The jury was formed by Marina Tucaković, Tonči Huljić and Ismeta Dervoz.

Gala evenings

First gala
The very first gala evening on Monday September 29, 2008 featured the introduction to 16 contestants that have entered the Academy as well as performances from Anastacia, Karolina Gočeva, Sergej Ćetković, Jelena Rozga, Deen, Let 3, and Marija Šerifović.

Second gala
The second gala evening on October 6 featured performances from Željko Joksimović, Severina, and Laka. Contestants Nikola Paunović and Ivana Nikodijević were nominated. The favourite of the audience was Aleksandar Belov.

Third gala
The third gala evening on October 13 featured Magazin and Zana. It is the first gala evening that had a contestant expelled, Ivana Nikodijević being the first expelled candidate. Contestants Antonija Besednik and Đorđe Gogov were nominated. The favourite of the audience was Aleksandar Belov.

Fourth gala
The fourth gala evening on October 20 featured Elena Risteska, Željko Samardžić, Atomsko sklonište, Sky Wikluh and Ajs Nigrutin. Contestant Antonija Besednik was expelled. Sky Wikluh and Ajs Nigrutin stayed in the academy with the contestants for a week. Contestants Andrea Harapin and Nikola Sarić were nominated. The favourite of the audience was Aleksandar Belov.

Fifth gala
The fifth gala evening on October 27 featured Kemal Monteno and Boris Novković. Contestant Andrea Harapin was expelled. Contestants Danijel Pavlović and Jasmina Midžić were nominated.

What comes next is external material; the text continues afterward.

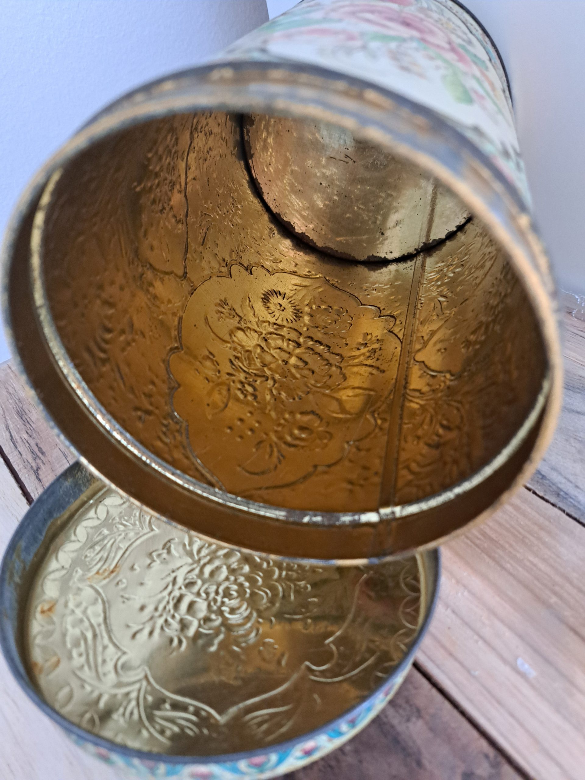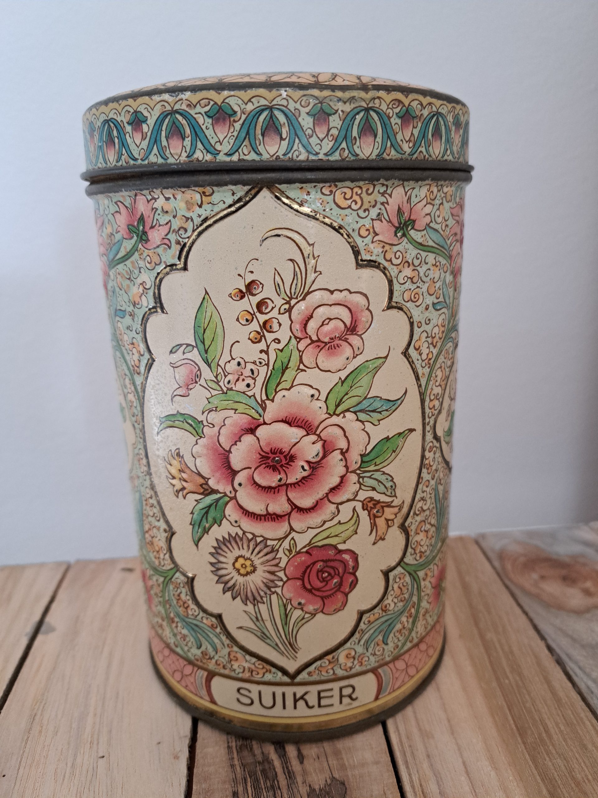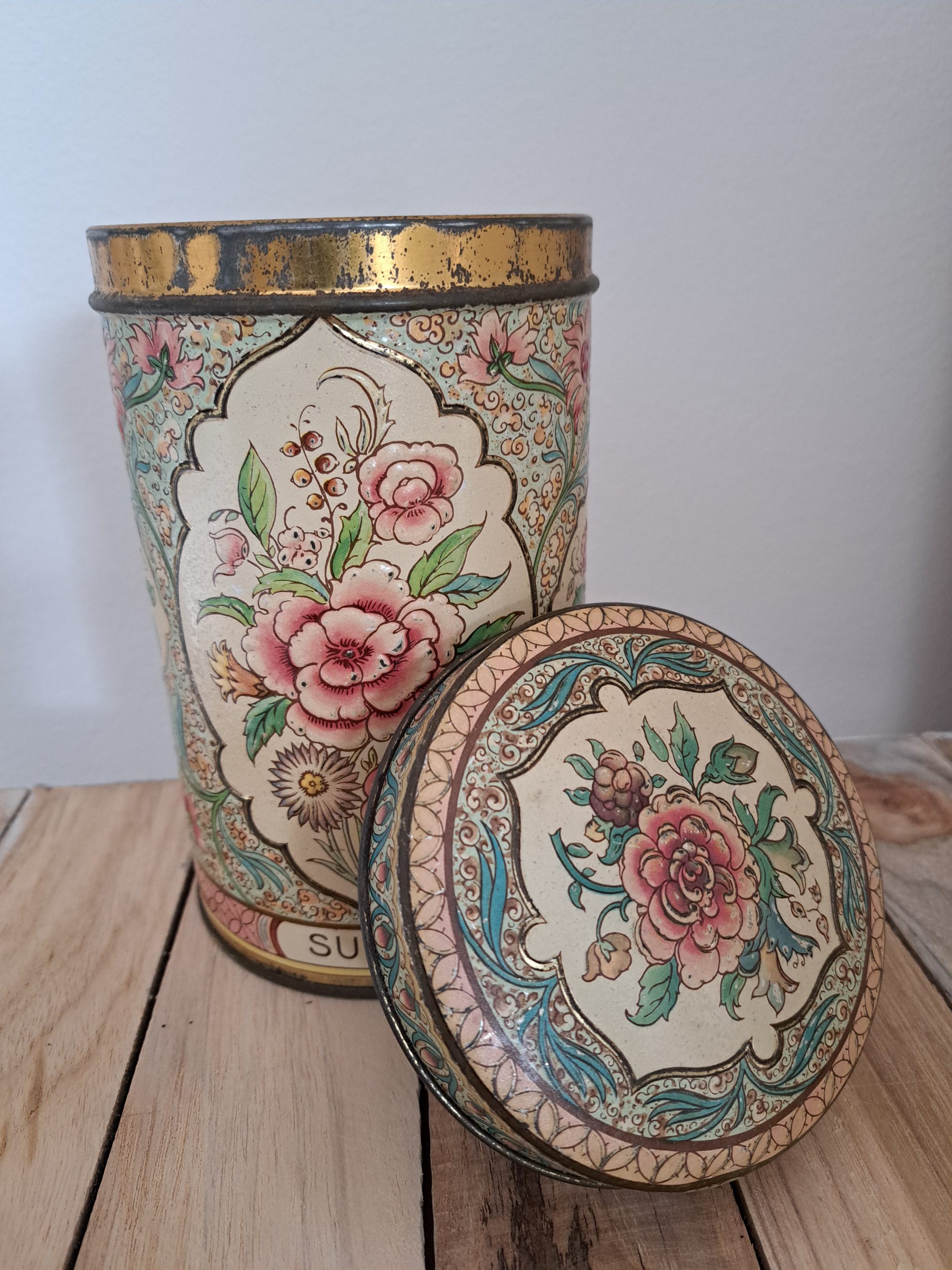Hele mooie brocante voorraad bus “suiker”. Prachtig gedecoreerd met bloemen in relief. Heeft sporen van ouderdom.

On October 29, 2008 two new contestants entered the house: Mirjana Kostić and Kristijan Jovanov.

And, once again, the favourite of the audience was Aleksandar Belov.

Sixth gala
The sixth gala evening on November 3 featured Marina Perazić and Negative. Contestant Jasmina Midžić was expelled. The contestants were punished for breaking the rules, by having all the contestants nominated. Jurry, professors and the students themselves could save a grand total of four students, including Aleksandar Belov, who was that week's favorite. They eventually saved Ana Bebić, Sonja Bakić, Igor Cukrov and Đorđe Gogov. The choice of Sonja Bakić by the students was criticized by the audience, because she was highly responsible for the punishment. The other 9 contestants were nominated.

Seventh gala
The seventh gala evening on November 10 featured Kaliopi, Dado Topić, and Gru. Two students were expelled this time - Mirjana Kostić and Kristijan Jovanov. Contestants Adnan Babajić and Milica Majstorović were nominated. The favourite of the audience was Aleksandar Belov.

Eighth gala
The eight gala on November 17 featured Colonia and Divlje jagode. Contestant Milica Majstorović was expelled. Contestants Đorđe Gogov and Vukašin Brajić were nominated.
One more time, Aleksandar Belov was chosen by the audience to be its favourite.

Ninth gala
The ninth gala on November 24 featured Bojan Marović and Danijela Martinović. Contestant Đorđe Gogov was expelled. Contestants Nikola Paunović and Ana Bebić were nominated. The favourite, according to the audience, was Aleksandar Belov.

Tenth gala
The tenth gala on December 1 was supposed to feature Aleksandra Radović and Goran Karan. Unfortunately, Marina Tucaković's son died on the day of the Gala so it was moved to December 8.
The new gala featured Emina Jahović and Jelena Rozga. Contestant Nikola Paunović was expelled, while contestants Nikola Sarić and Vukašin Brajić were nominated.
The favourite of the audience was Aleksandar Belov.

Eleventh gala
The eleventh gala on December 15, featured Petar Grašo and Karolina Gočeva. Contestant Nikola Sarić was expelled, while contestants Sonja Bakić and Vukašin Brajić were nominated.Aleksandar Belov was the favourite of the audience once again.

Twelfth gala
The twelfth gala on December 22, featured Goran Karan, Aleksandra Radović and Junior Jack. Contestant Sonja Bakić was expelled, and contestants Vukašin Brajić and Igor Cukrov were nominated.

Thirteenth gala
The thirteenth gala on December 29, featured Sakis Rouvas, Jelena Tomašević and Milena Vučić. Student Igor Cukrov was expelled and the rest of the students entered the semi-finale.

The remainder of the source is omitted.